Joseph Flanagan: Hey, this is Joe on for Dan. Just first, now that gross margins have turned positive, is there any way to think about how fast these might shape up, you can start driving some leverage here despite volume maybe being sustainably lower for a bit closer to that 1,500 billable sample level for a few quarters?
Kevin Sun: Yes. Hey, Joe, the margin right at this early stage and it’s impacted by a couple of big things. So ASPs will certainly help margins quite a bit, even if we keep everything else equal so as our focus on ASP and revenue growth that that will help the margins. And then as we’ve moved into our new laboratory, which we completed back in Q1, we can now focus on finding additional cost savings and efficiencies and we have a number of efforts focused on those things. So that along with getting some additional capacity absorption of our fixed costs will help in those margins. So we do believe that over time, we’ve got runway to bring the COGS below the $200 mark. And again, we’re working on those things now. It’s not just through the capacity absorption, but also a number of process improvements.
So we’re working on those things and it’s something that some of them can take a little bit longer if we’re talking about technology changes and such.
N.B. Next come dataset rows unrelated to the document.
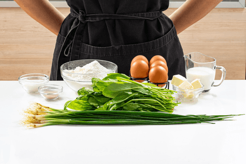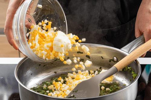 Melt the remaining butter in a pan. Quickly sauté the sorrel and green onions over high heat. Add the eggs and let cool. Season to taste.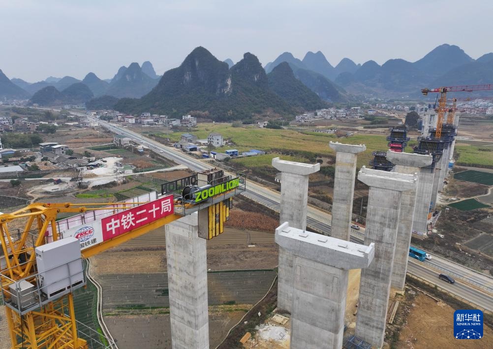 中铁二十局的工人在柳州市柳江区三都镇鱼宜高速公路建设工地作业(无人机照片,1月23日摄)。
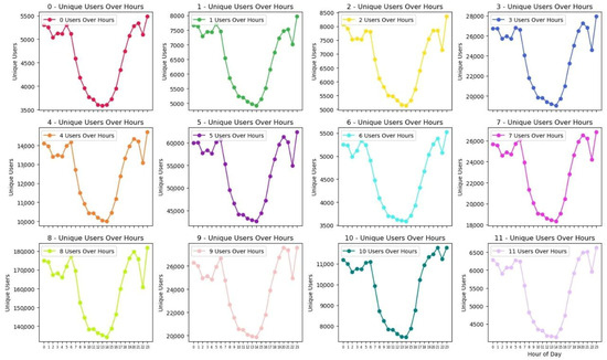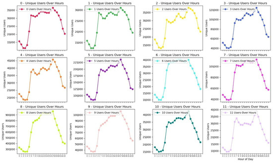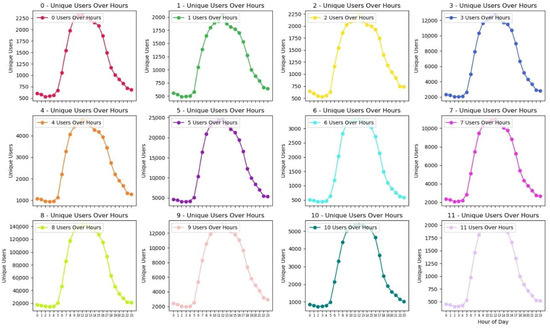 As part of the study, a detailed analysis of the temporal dynamics of unique user activity within various clusters identified by the DBSCAN algorithm was performed. For each cluster, graphs were created to depict changes in the total number of unique users throughout the day (Figure 9, Figure 10 and Figure 11). The X-axis on the graphs represents the hours of the day (from 0 to 23), while the Y-axis indicates the total number of unique users at each specified hour. The graph colors correspond to the colors of the clusters shown in Figure 7 and Figure 8.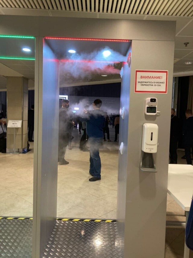 Обработают даже иноагентов и Ксению Собчак. Кроме того, всем представителям СМИ и лицам присутствующим в зале раздадут маски, которые, как сообщается, «обработаны антибактериальным раствором наносеребра».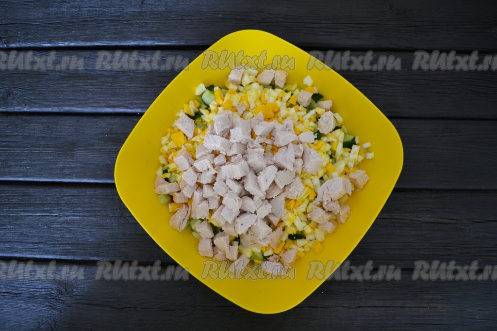 Куриную грудку зачистить от пленок и жира, залить холодной водой, отправить на огонь. Во время закипания снять образовавшуюся пену, по вкусу добавить соль. Варить грудку 30 минут при слабом кипении. Остывшее мясо нарезать небольшими кубиками и соединить с другими нарезанными ингредиентами.

But we do see a pathway of having some meaningful gross margins in the future.
Joseph Flanagan: Great. And then, just in terms of the Medicare proportion of billable samples, is there some sort of range that you think you can drive this number in the next year or two? And how do you think that might affect ASP in like an optimistic scenario?
Bret Christensen: Yes. Joe, we just know it can go higher. So it’s 50% of the opportunity by itself, just because 50% of biopsies done in dermatology are Medicare claims. And so it’s such a massive opportunity for us. It’s been — it’s along with other reimbursed covered tests have just been a focus of ours and something we’re watching closely. We just know it can go higher and we’ll find out where it settles in, in the future. But that is the focus today.
Kevin Sun: Yes. Like many things, we have this quarter showed some really good progress when we’ve been flat for a while. And so before we’re ready to kind of really give any detailed forward-looking guidance on any of these metrics, we do want to see a little bit of a trend so we can see if we can sustain that improvement.
Operator: Please standby for the next question. The next question comes from Mason Carrico with Stephens. Your line is open.
Jacob Johnson: Hey, guys, this is Jacob on for Mason. Lots already been covered today, so I’ll just keep the one it’s on the TRUST 2 study timeline, if we were to think about a best case scenario, the timeline for results to readout. You said results might readout by the end of this year top-line results. But then for results to readout, for it to get published, for you to submit to payer, the payer review it and adopt coverage and then you start getting paid. How should we think about that? I know that there’s a lot of variables there, but any way to give us a general timeline on what that would look like if everything went right?
Bret Christensen: Yes, Jacob, this is Bret, really, really good question and really insightful. So we — what we’ve said is we expect to see top-line data by the end of the year, and we’re still going through our publication strategy. So we’re trying to decide where and when that can be published. And we’ll have probably a better view of that as the year comes to a close and as we start to see that pipeline data. But for now, it’s a consideration. We still think we’ll see the data this year, but publication is something we just haven’t talked about. But that will take a little bit of time.
Kevin Sun: Yes. And the publication timeline, it’s really dependent on which source it gets published in. And so, then as it relates to like the payer review, it depends on when the payer review cycles kick in. So if it’s published after the first cycle, then of a year, if say, a payer has two cycles in a year, then they won’t get a chance to review it till ahead of the next cycle. So, again, there’s a lot of depends here, but it really is dependent upon, which publication we choose, when the timeline is, and then what are the cycles are for each of the payers.
Jacob Johnson: Okay. Got it. I’ll just keep the one. Thanks, guys.
Operator: Please standby for the next question. The next question comes from Andrew Brockman with William Blair. Your line is open. The next question comes from Andrew Brockman with William Blair. Your line is open.
Operator: I show no further questions at this time. This will conclude the Q&A session and the conference call. Thank you for participating. You may now disconnect.